This is an economics study. However, due to unprecedented damages presented by the crisis, the authors thought it warranted to present our own thoughts on the matter in terms of future actions.

  1. Sentiment among community leaders, including elected officials, business professionals, organizational leaders, members of law enforcement, educators and others, must remain unbiased in their appreciation for human life and consciously make efforts to avoid stigmatizing our fellow citizens afflicted by this epidemic.
  2. The American Medical Association, American Dental Association, medical schools and dental schools across the country might want to revisit pedagogical strategy for the development of new physicians and oral surgeons. In particular, schools in the region may want to consider additional curricula that cover updated and improved considerations on risks for prescribing pharmaceuticals.
  3. Indiana is a leading state in the bio-sciences industry.

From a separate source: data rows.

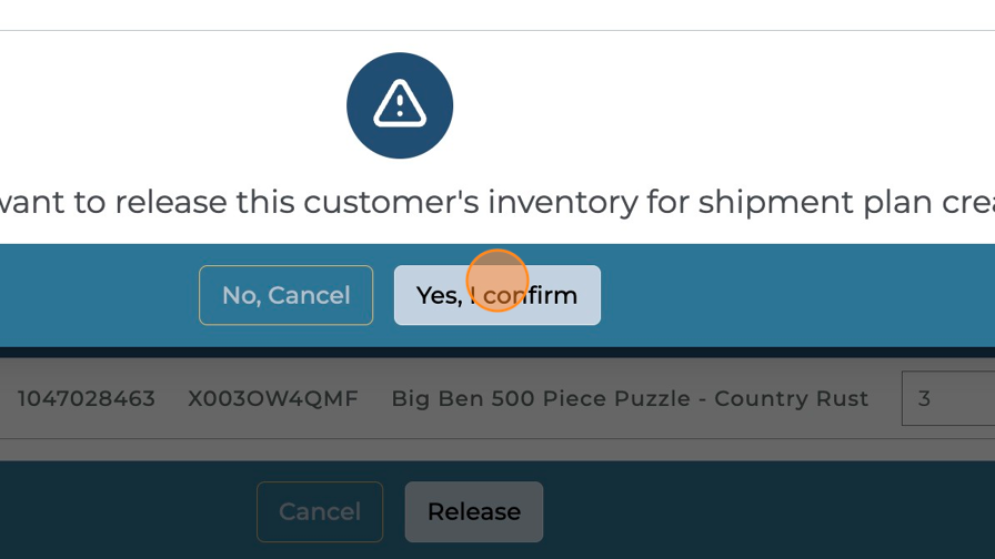 Click "Release" to initiate the inventory release process.
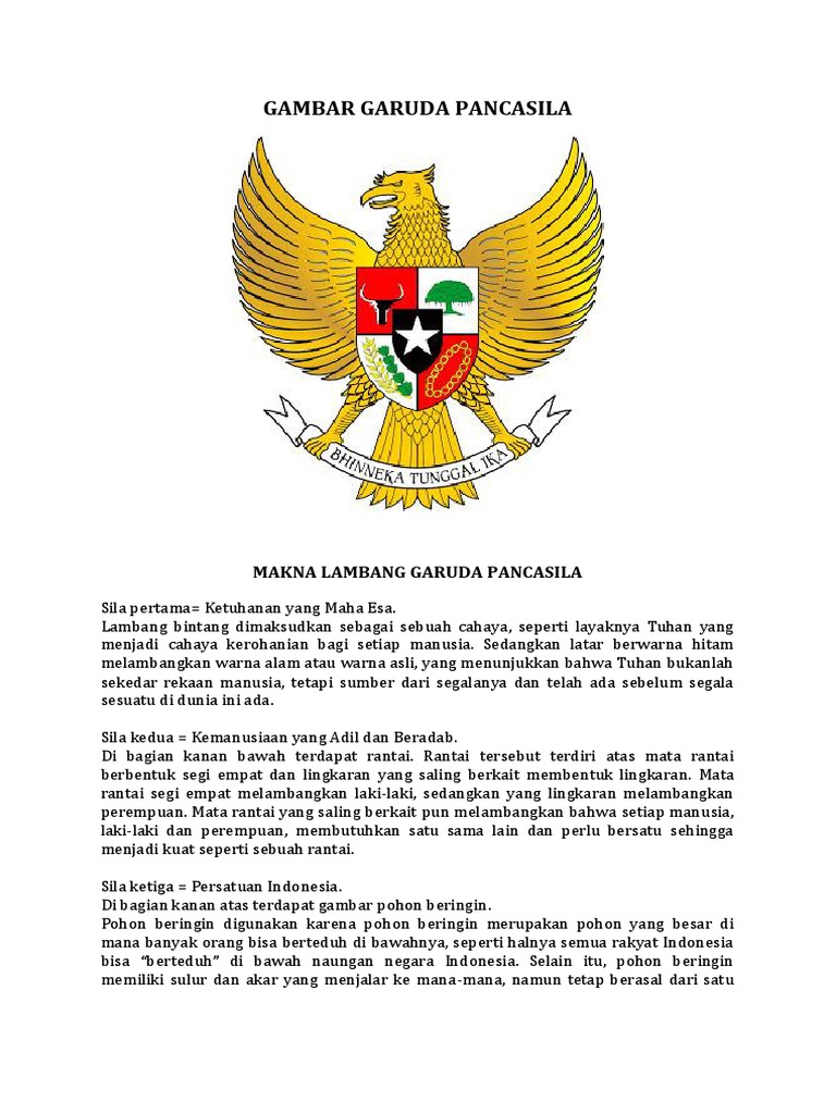 Lagu Garuda Pancasila juga dikenal dengan nama Mars Pancasila dibuat untuk mengenalkan burung Garuda sebagai lambang negara kepada seluruh anak bangsa Indonesia. Pohon beringin merupakan simbol sila ketiga yang berbunyi Persatuan Indonesia. Pada burung garuda.
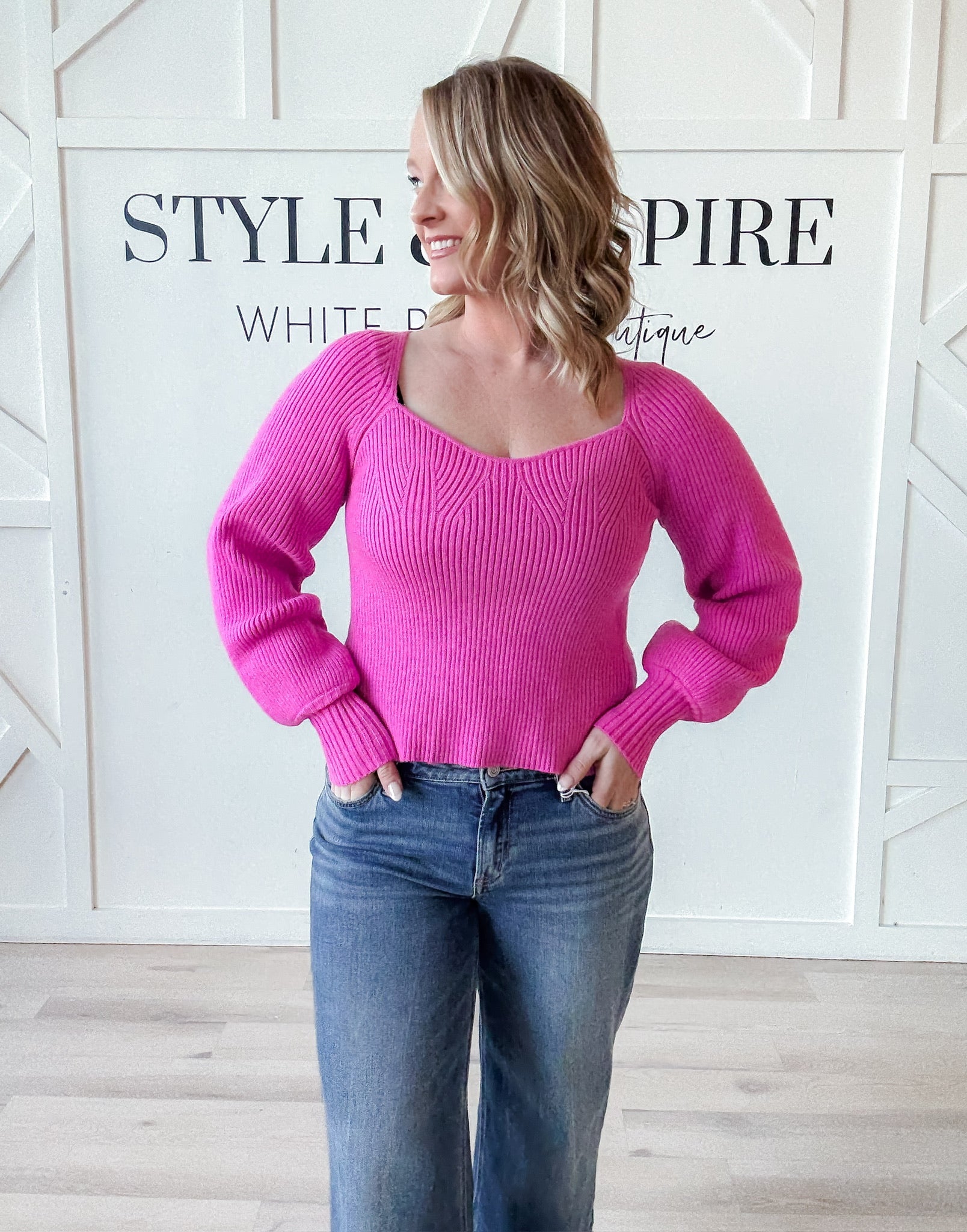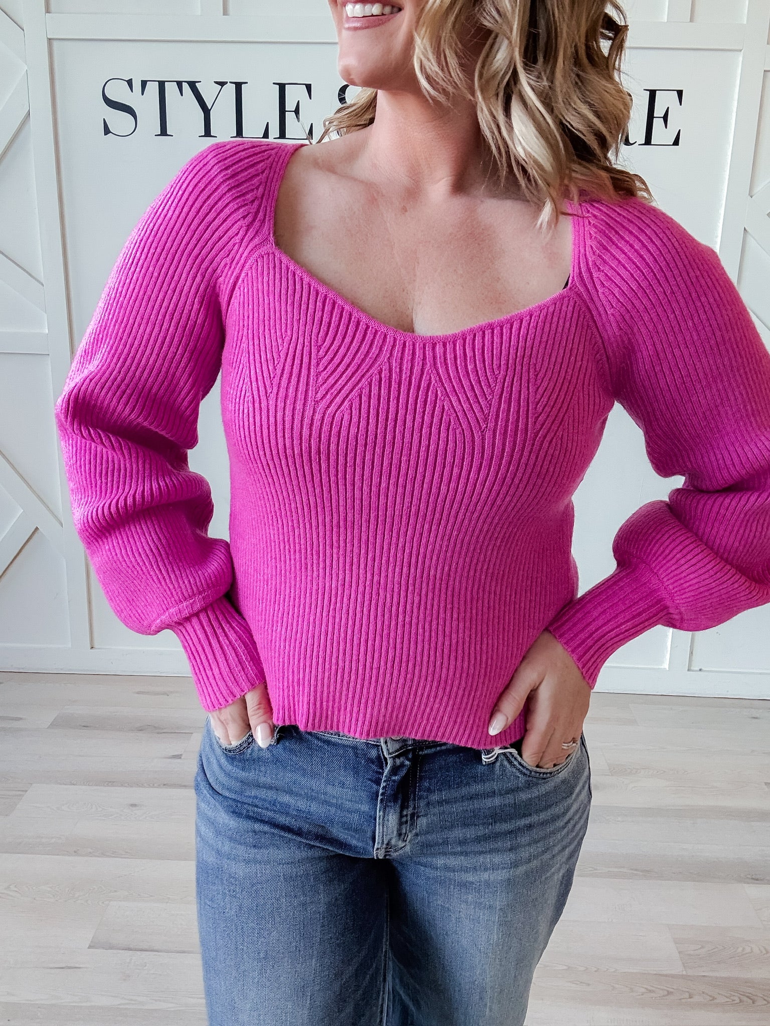 Style: The Tasha Sweater combines timeless elegance with contemporary comfort. Its sweetheart neckline creates a flattering silhouette, while voluminous bishop sleeves add romantic dimension. The fitted vertical ribbed body skims the frame for a refined shape, anchored by snug fitted cuffs that keep the look polished. Crafted from a soft, cozy knit, this piece transitions seamlessly from layered styling to standalone wear, delivering both visual interest and tactile warmth.
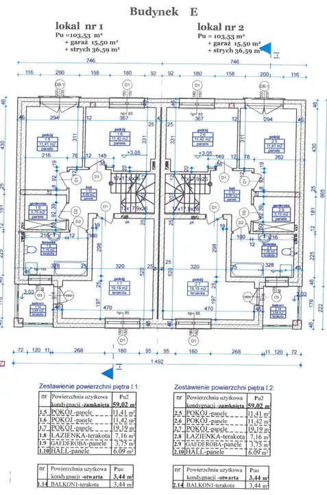 - bliźniaki bez garażu - lokale A1A2 i B1B2 (98,56 m2) - cena: od 760.000 do 790.000 zł
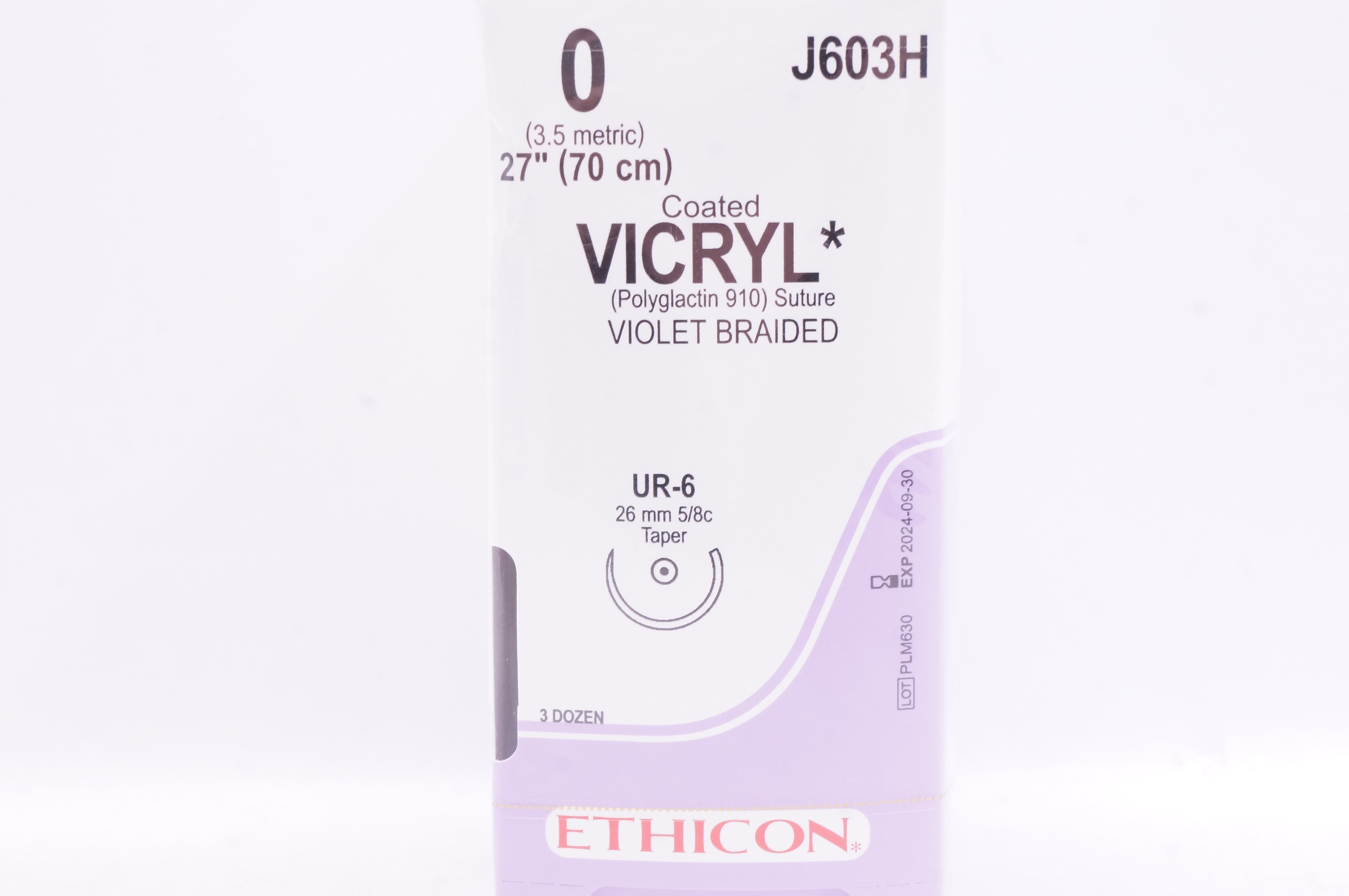- Ethicon J603H 0 VICRYL UR-6 26mm 5/8c Taper 27inch - Box of 36
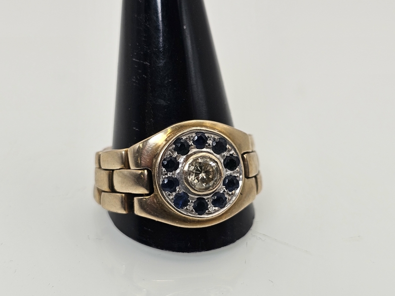 #1268 Noin 8k kultainen sormus n. 0,47ct timantilla ja sinisafiireilla, 12,22g
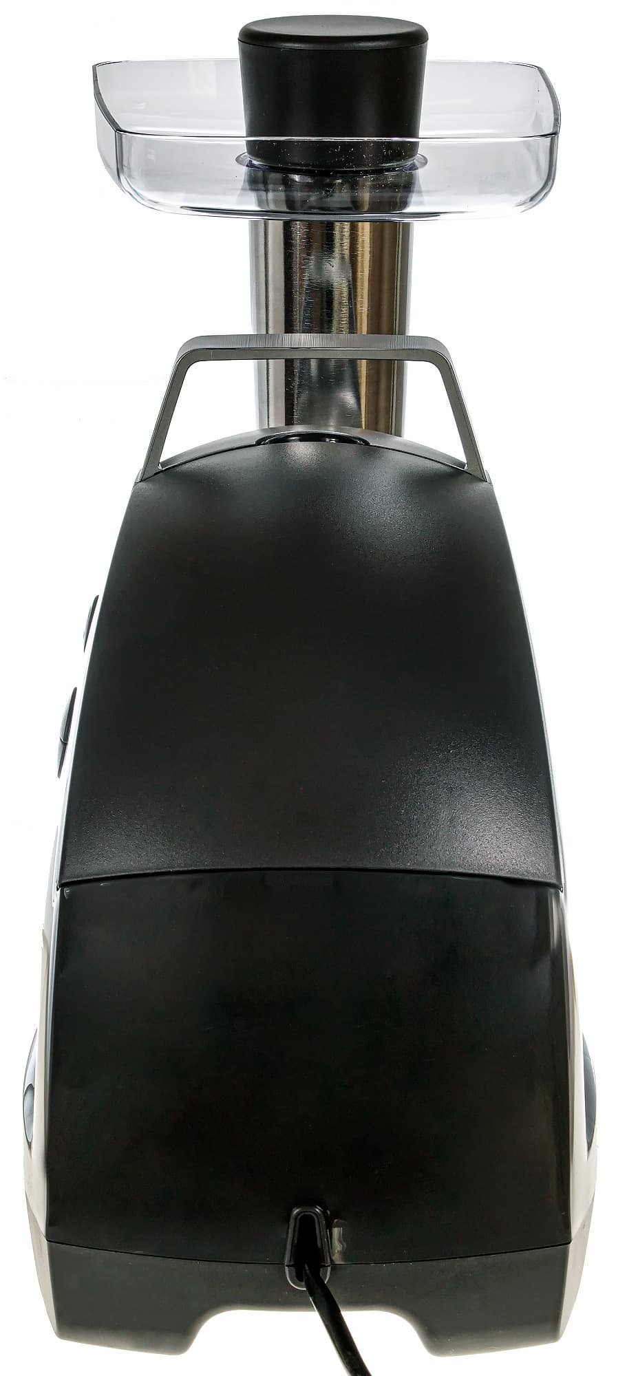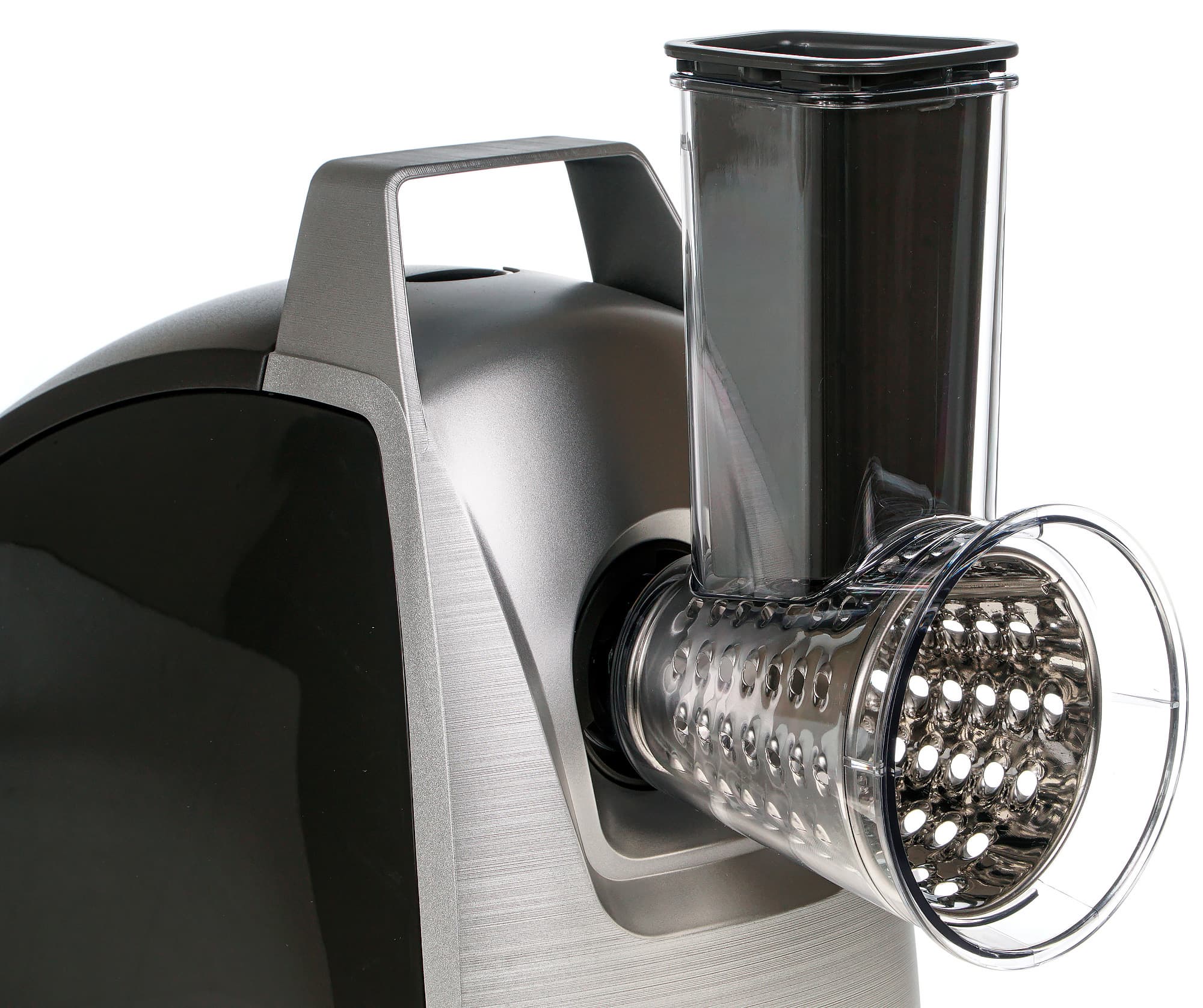 В верхней части мы видим ручку, которая значительно облегчает переноску блока с места на место. Там же находится отсек для аксессуаров. В нем свободно размещаются: незанятая решетка, насадка для кеббе и насадка для изготовления колбас. Отсек для хранения аксессуаров — это довольно важная составляющая удобства при хранении прибора.
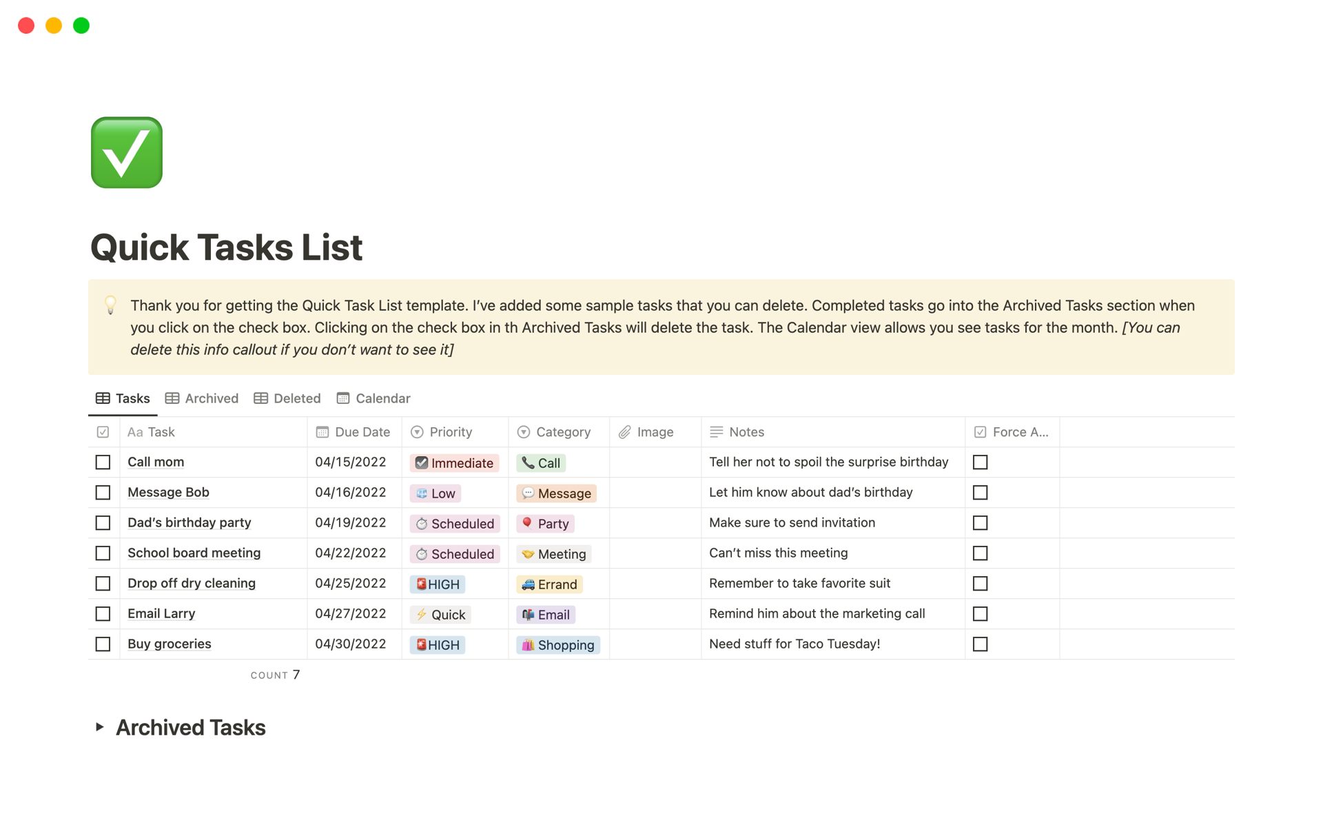 Notion Task List Template

A concerted effort—including funding, engineering and scientific investments—leading to the development and commercialization of effective, non-addictive, powerful pain relievers would prove useful in leading our country out of this crisis, while bringing positive economic attention to Indiana.
  4. Educational leaders from pre-K through college may wish to expand curricula on gaining better understanding of the risks associated with the misuse of pharmaceuticals, as well as learn methods to identify at-risk students so intervention can happen early.
  5. Mayors, sheriffs, congressional representatives, doctors, hospital executives and other leaders may wish to form a task force combining local-level resources across jurisdictions for the potential of developing a more comprehensive solution in greater regions of the state that might be more severely affected. Analysis in the following article illuminates opioid severity by county, over time, within Indiana.
  6. An open mind toward development of any solution may prove beneficial.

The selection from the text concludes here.